For bar stimuli, there was a clear receptive field-dependent increase and decrease of neuronal activity per sweep. We fitted the density function with a Gaussian distribution to define an analysis window of ±one standard deviation of the Gaussian. Within that interval, we calculated the mean neuronal activity in spikes/s for each condition and not the total number of spikes in the response peaks to eliminate any bias due to different widths of the peaks with changing relative disparities.
For grating stimuli, we classified simple and complex cells via a Fourier analysis of the neuronal activity, calculating the F
1/F
0 ratio between the amplitude of the first harmonic of the response and the mean activity (Movshon et al. 1978; Dean and Tolhurst 1983; Ohzawa and Freeman 1986a, b; Skottun et al. 1991; but see Mechler and Ringach 2002).

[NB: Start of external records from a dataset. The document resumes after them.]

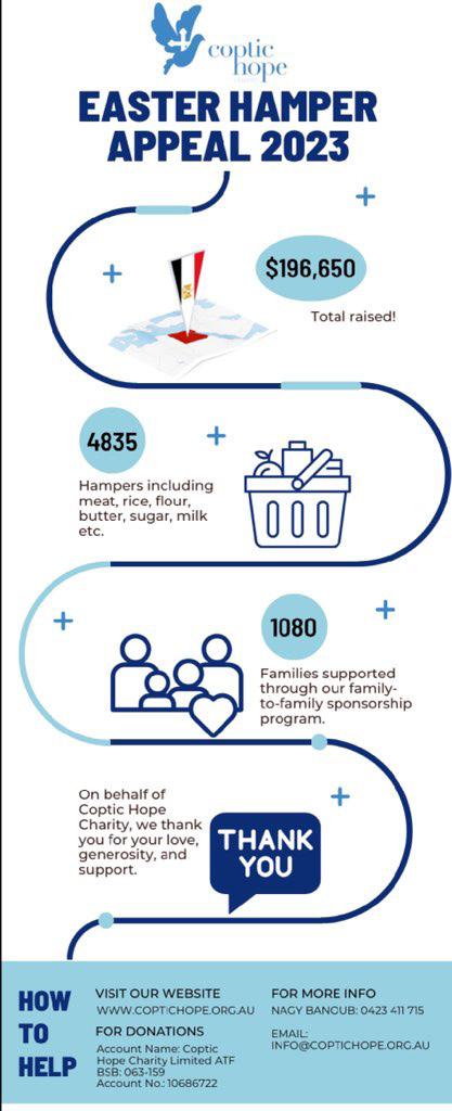 On behalf of Coptic Hope Charity, we would like to thank you for your love, generosity and support. For further information please call Nagy Banoub on 0423 411 715 or email: info@coptichope.org. au
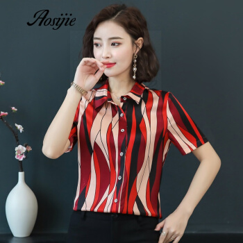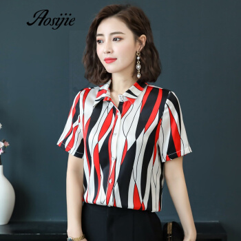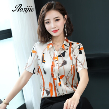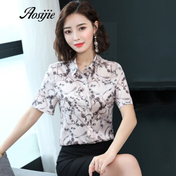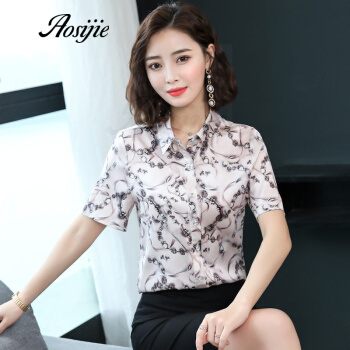 Aosijie轻奢品牌女装真丝碎花衬衫女2020夏装新款重磅桑蚕丝衬衣修身显瘦气质上衣 4色(粉色) M |
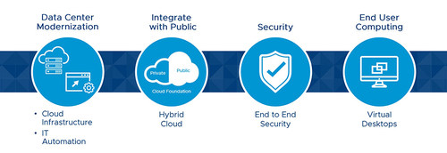 通过在VxRail中引入可自动部署并简化混合云运维的VCF,戴尔科技构建了一个从数据中心到云和边缘环境的完整的、自动化的、全包式混合云IT基础架构—VMware Cloud on Dell EMC,在软件定义数据中心基础上,通过集中统一管理,提供高性能计算、存储和网络软件及服务。
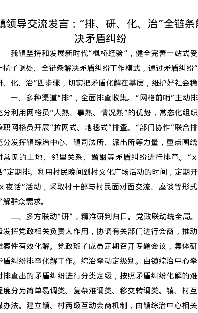 镇领导交流发言:“排、研、化、治”全链条解决矛盾纠纷
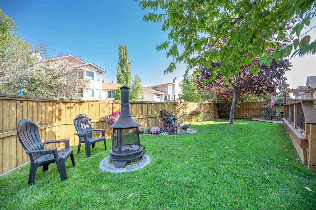 Welcome to this beautifully upgraded home with extra side yard, located just a short walk from the private lake, two schools, parks, river pathways and shopping. From the moment you step inside, you’ll be impressed by the grand vaulted entrance, showcasing inlaid tile flooring and a sense of timeless sophistication. The home has been extensively refreshed, the main floor features an updated half bath, a front flex room, a formal dining room, and a bright dinette that flows seamlessly into the living room, complete with a cozy gas fireplace for cooler nights. The completely renovated kitchen is a showstopper, boasting quartz countertops, new white slow-close cabinetry, custom backsplash, stainless steel appliances, undermount lighting, and thoughtful design throughout, perfect for both everyday living and entertaining. Upstairs, you’ll find four spacious bedrooms, a laundry room, and an open den area ideal for a home office or study nook. Both bathrooms have been fully renovated, including a four-piece main bath and a luxurious four-piece ensuite with high-end finishes. The fully finished basement expands your living space with two large rec rooms that include the 75″ TV, a fifth bedroom, and another three-piece bathroom—offering flexibility for guests, hobbies, or family movie nights. Outdoors, enjoy the massive deck and patio designed for entertaining with a retractable awning, hot tub ready, and complemented by multiple storage sheds. Additional updates include a newer roof, upgraded vinyl windows, PEX plumbing, updated hot water tanks, water softener, a new furnace with heat pump, and a heated double attached garage with a 220 outlet—ensuring year-round comfort and peace of mind. This meticulously maintained home truly has it all: show home quality, modern upgrades and an unbeatable location in a family-focused community with access to excellent schools, golf courses, and the beauty of nearby Fish Creek Park and the Bow River. Quick access to Deerfoot and Stoney Trail ensures easy connectivity across the city. Call today for your own private showing!
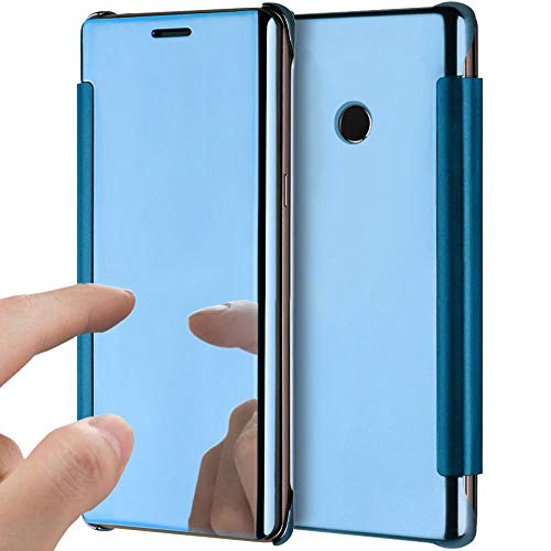 TVVT Compatibile con Cover Huawei Honor View 10 Lite, Specchio Placcatura Pelle Custodia Mirror Leather PU e PC Design Flip con Supporto Funzione Chiusura Magnetica Bumper Case Cover - Blu
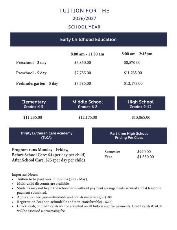 Open Enrollment for Trinity Lutheran School happens in late January. We encourage you to set up a tour as soon as possible. After your tour, an application link will be sent to you. You will want to submit this application as soon as possible in order to be considered for enrollment.
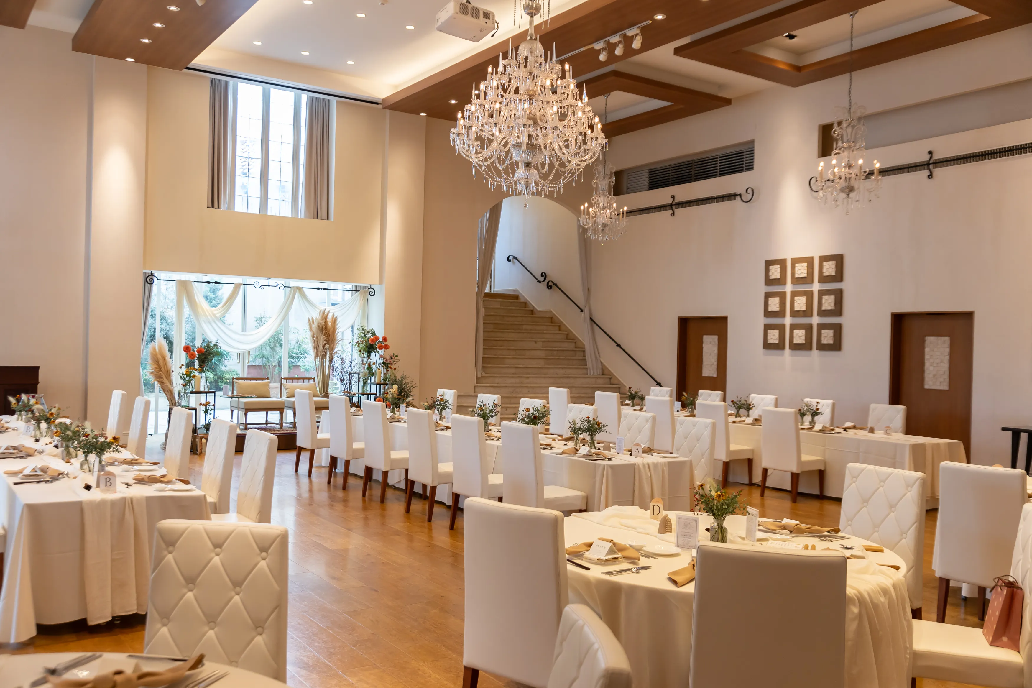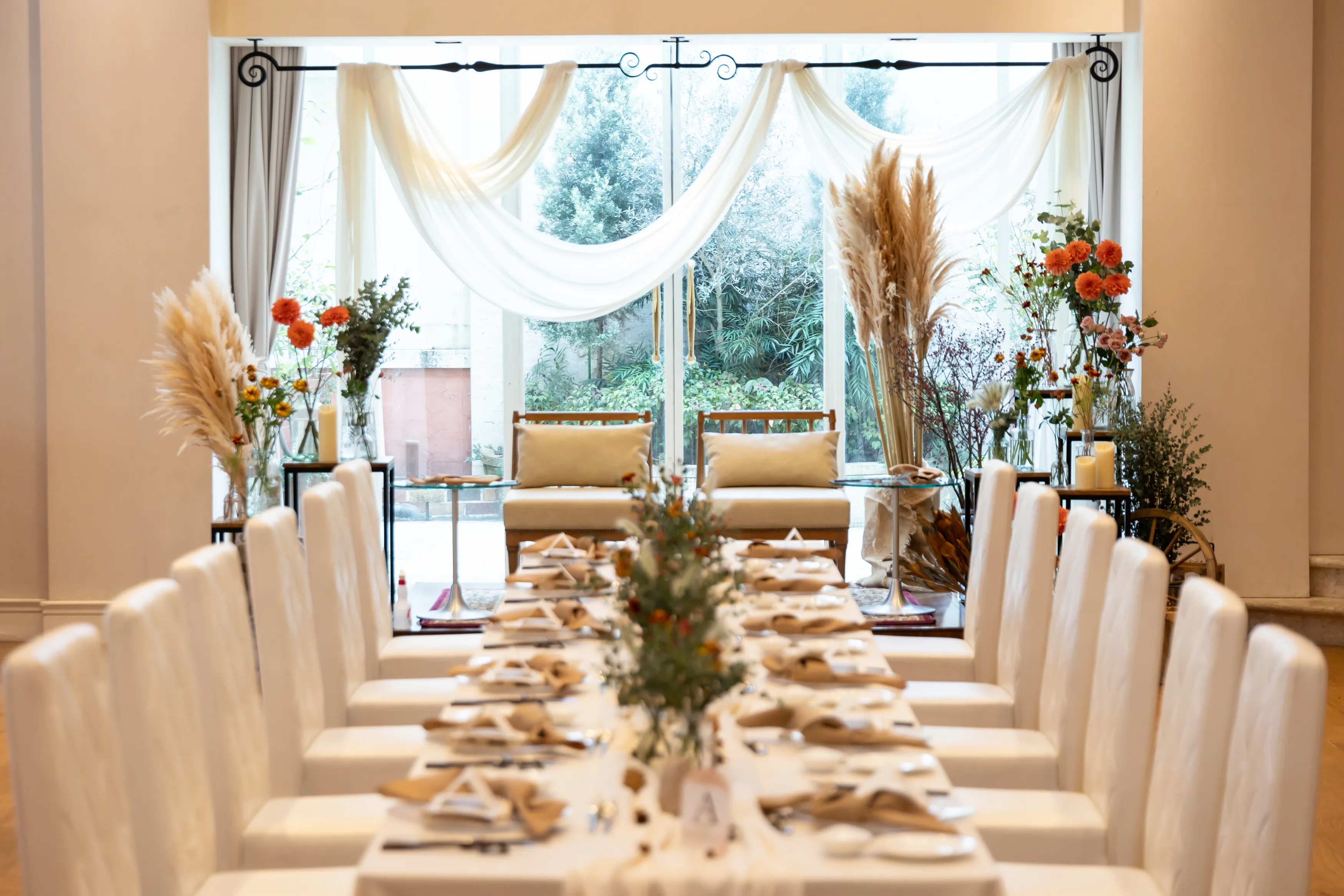 ゲスト全員がリラックスして楽しめるよう、長卓と円卓をMIXさせたコーディネートに*゜
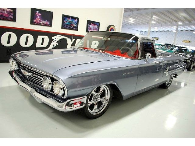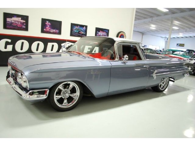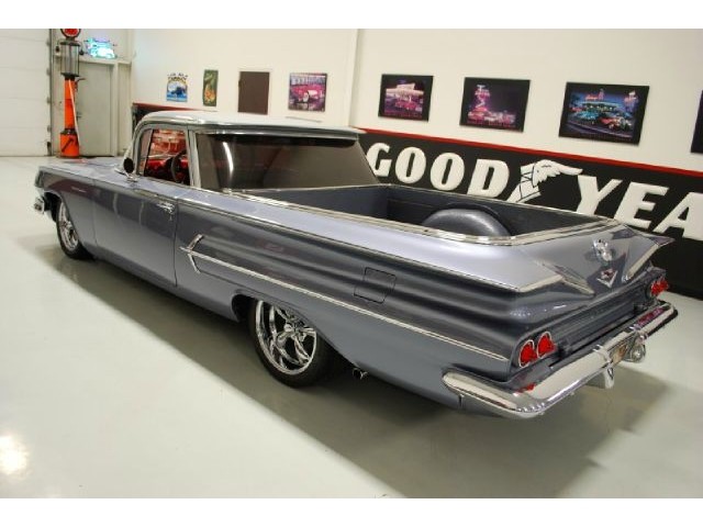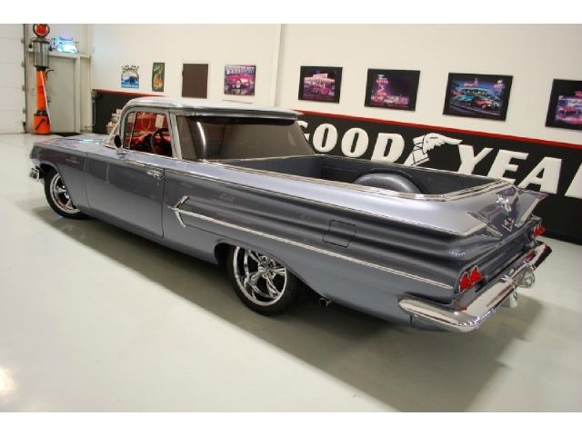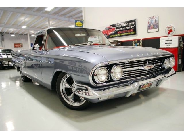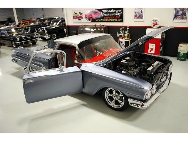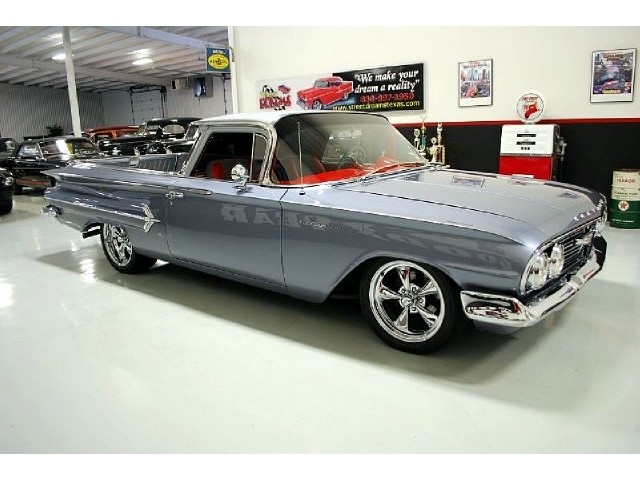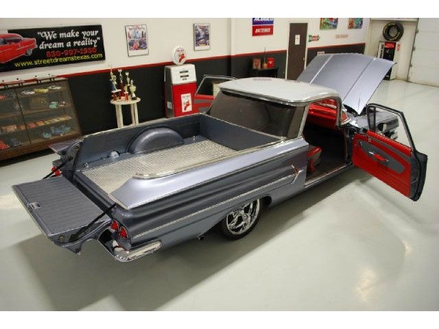 Welcome to streetdreamstexas online auction.  Please check our other items too as we own 50-60 Classics at all times.  We have been in business for 14 years this year.  Street Dreams strongly feels that investing in a classic car or truck is still one of the safest and definately the most fun place to have your money stored.  We are proud to unveil this killer street-rod El Camino.. by the way If you are into Chevy Metal (I know you liked that) you will love this El Camino! It has to be one of the most beautiful examples you will ever see. Especially a 59 or 60! Technically it is a RestoMod with updated power train, custom interior, modern paint (charcoal quartz like a Mercedes), awesome stance, and cold air conditioning. The body features all original sheet metal with no patch panels or rust. It is painted a fabulous Medium Quartz Gray with terrific trim, chrome, and glass. It is show quality and solid as a rock. The bed received a combination of polished corrugated metal and spray in bed liner. A very cool and functional touch. Power comes from a new 325 horsepower Jasper Crate 350 V-8 motor (with receipts) topped with  an Edelbrock manifold and carburetor combo. It has a HEI electronic ignition system, for this project a rebuilt 700R4 overdrive transmission was chosen which provides great highway cruising at lower rpm, it also features a SK700G shift kit providing a nice performance shift but still smooth, The rear end was just rebuilt with a very correct gear ratio 3.55:1 for great performance as well as great cruising of highway speeds. The custom dual exhaust system sounds terrific a nice mellow tone. For more comfort in driving it has a quick ratio power steering set up and power front disc brakes it gets down the road with ease and handles very well. The new 17 inch chrome American Racing Torque thrust II 5 spoke wheels give it an old school but with modern flare and are glued to the pavement with real heavy duty front/rear sway bars, gas shocks, and refurbished hardware. The full custom interior has very comfortable bucket seats, center console, Ididit tilt column, LeCarra leather steering wheel, Custom Auto Sound cassette 4 speaker stereo, Classic Auto Perfect System for air conditioning, and those fine looking two tone fabrics. It is comfortable and looks amazing sitting on high grade full custom carpeting. If you love an original body with all the trim but updated everything else, you should consider investing in the cool Elky.  It features a locking compartment in the front of the bed floor to keep your items hidden and locked away.  .  I promise it gets lots of attention and will win a multitude of awards. It has already placed at shows before yet could be driven every single day if that is your desire. Better have plenty of time to execute the honey do list cause you will be in the hardware store parking lot explaining this car for a half hour. Financing, insurance, and delivery are available on our own website streetdreamstexas give us a google.....
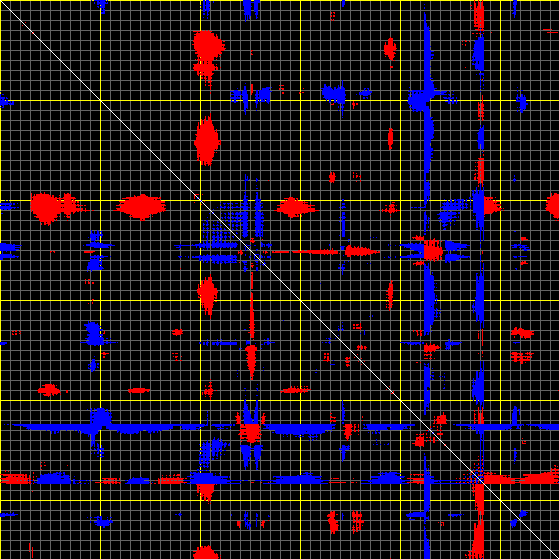 This matrix displays the maximum distance fluctuations between all pairs of CA atoms and between the two extreme conformations that were computed for this mode (DQMIN/DQMAX). Distance increases are plotted in blue and decreases in red for the strongest 10% of the residue pair distance changes. Every pixel corresponds to a single residue. Grey lines are drawn every 10 residues, yellow lines every 100 residues (counting from the upper left corner).
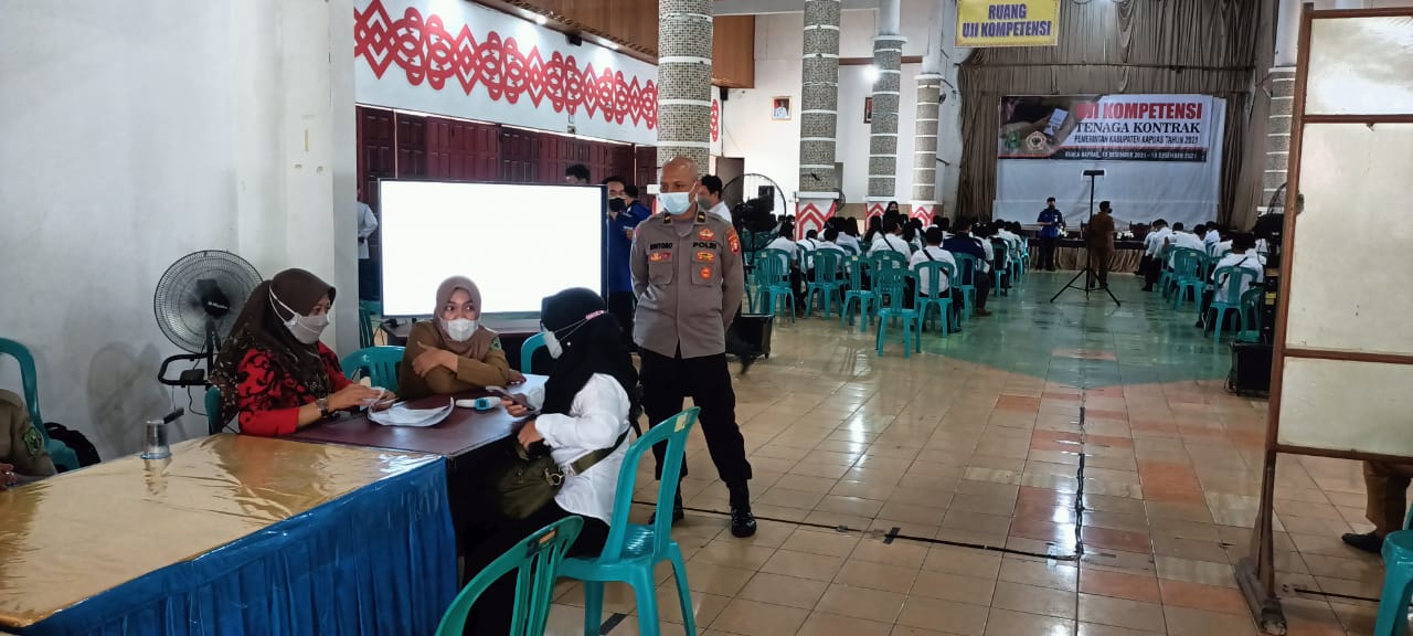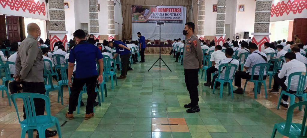Kuala Kapuas, infokalteng.co.id – Polres Kapuas, Polda Kalteng ikut amankan kegiatan Kompetensi Tenaga Kontrak Pemkab Kapuas Tahun 2021 Hari Ke-2 bertempat di Aula Setda Pemkab Kapuas, Jl. Pemuda KM. 5,5 Kapuas, Selasa (14/12) pukul 07.00 WIB.
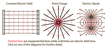 Equipotential LinesEquipotential lines are like contour lines on a map which trace lines of equal altitude. In this case the "altitude" is electric potential or voltage. Equipotential lines are always perpendicular to the electric field. In three dimensions, the lines form equipotential surfaces. Movement along an equipotential surface requires no work because such movement is always perpendicular to the electric field. ![]() |
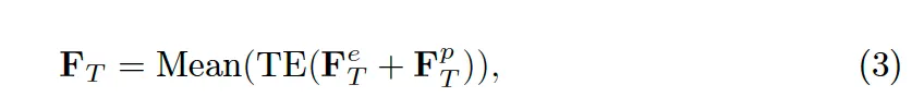 식3에서 F^e_T와 F^p_T에 해당합니다. 이후 Transformer encoder를 태운 후 transcription 내의 embedidng을 평균때려 최종 text feature를 생성합니다.
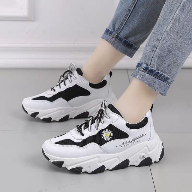 Miễn Phi Ship Giay Thể Thao Nữ đế Cao Phong Cach Han Quốc Trắng đen Số 8 Shopee Việt Nam
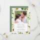 Foto floral elegante, salvar o cartão de data em espanhol, com rosas brancas pintadas à mão e verde que cobrem todo o lado frontal. Sua foto quadrada e detalhes do casamento estão em um quadro retangular branco que sobrepõe as flores. A parte traseira é uma forma correspondente de verde e pode ser alterada para qualquer cor desejada. Esta design é perfeita para um casamento no jardim no verão.
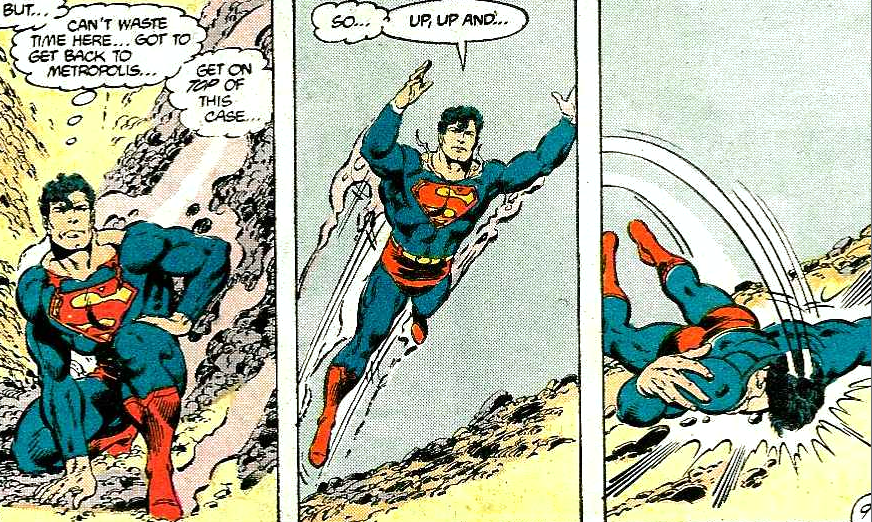 Superman takes the nuclear super-laughbot to space before it blows up, then lands in the Mojave desert. By the time he gets back to Metropolis, the Joker has kidnapped Jimmy Olsen, Lois Lane and Perry White and is making his getaway. However, Superman quickly catches him due to the Joker’s poor understanding of how his X-Ray vision works. As the Joker is being handed to the authorities, Superman asks him why he came to Metropolis and did all this, and the Joker replies: “Ooh, Superman… Why not?”
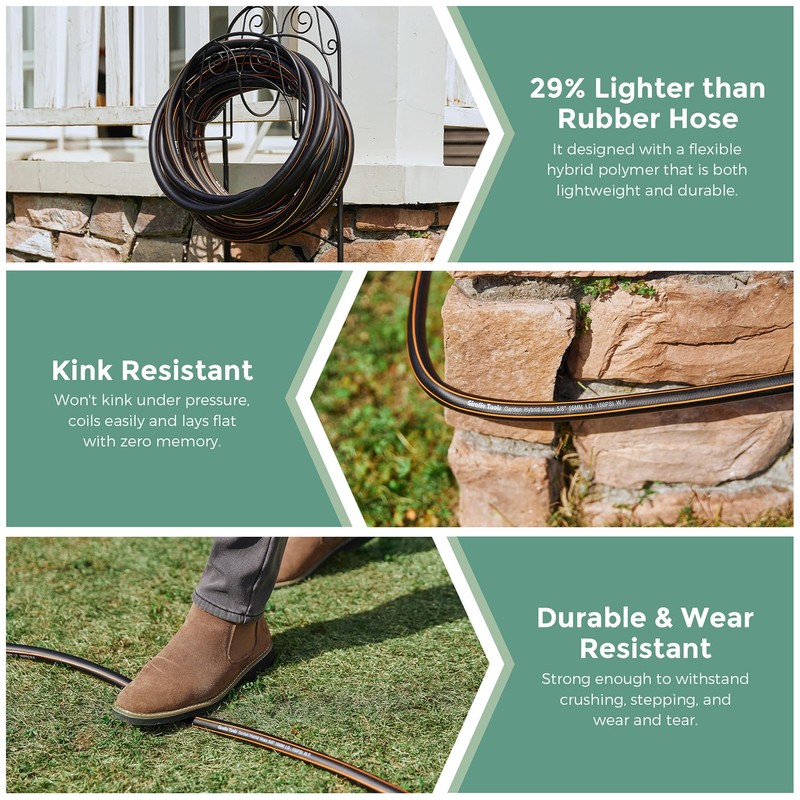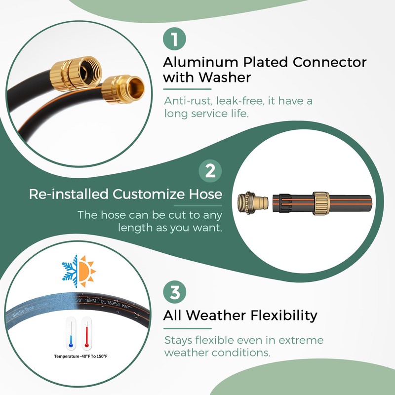 - All-weather Flexible: This hose can resist wide-range outside temperature from -40 to 150 degree fahrenheit, suitable for all seasons. The rubber component allows the hose to remain flexible in extreme temperatures, defying heat or cold, still easy to coil and uncoil.

Neurons with highly modulated activity (relative modulation > 1) were classified as simple, others as complex. For the subsequent analysis of simple cells, the amplitude of the first harmonic was used; otherwise, the mean activity was used.
Because of no clear landmarks on the retina, we could not define the eye’s center of gaze. Following the assumption that differences of monocular receptive field locations in early visual areas converge to zero for aligned eyes (e.g. Bishop 1973), or converge to a certain value for unaligned eyes that represents the deviation of gaze in a given experiment, we defined the mean difference of monocular receptive field locations on both screens for each experiment (on average data from 14 neurons per experiment) as zero disparity and related the positions of the stimulus presentation to this defined zero disparity. We thus treat our disparity settings as relative disparity centered on zero as defined above. The spatial stability of the response through the right eye for which the monitor was never shifted served as a control for the lack of drifts of this eye during the recording of one neuron. In fact, we never observed such shifts throughout the experiment under the immobilization conditions we imposed. Only 2 h (minimum) after discontinuing the alloferin infusion and the recording did visible spontaneous movements of the eyes start.
To analyze a neuron’s sensitivity for horizontal relative disparity, we screened our data for runs with at least one dataset of a certain horizontal disparity in which at least one measured value exceeded the range of the 2.5-fold standard deviation of that group. These particular runs were excluded from further analysis because of possible unstable recording. We applied a nonparametric one-way ANOVA (Kruskal–Wallis, P < 0.05) to screen for significant differences of mean neuronal activities at different horizontal disparities. Furthermore, multiple comparison was used to find statistically different activations in maxima or minima of relative disparity tuning curves, respectively. The difference between two disparities leading to statistically different activations was defined as the minimal difference affecting activity (MDAA). This approach leads to a statistical determination of tuning width. For better comparison with other studies, we additionally fitted disparity tuning curves with a Gaussian.
Histology
After completion of the electrophysiological experiments, the animals were euthanized with an overdose of pentobarbital and perfused transcardially with 0.9% saline and 4% paraformaldehyde–lysine-periodate. After appropriate cryoprotection, frozen frontal sections were cut at 40 or 50 μm, respectively, and stained for Nissl, myeloarchitecture (Gallyas 1979, as modified by Hess and Merker 1983), and cytochrome C histochemistry (Wong-Riley 1979). Recording sites were reconstructed based on microlesions, the penetration scheme and the depth reading on the electrode microdrive.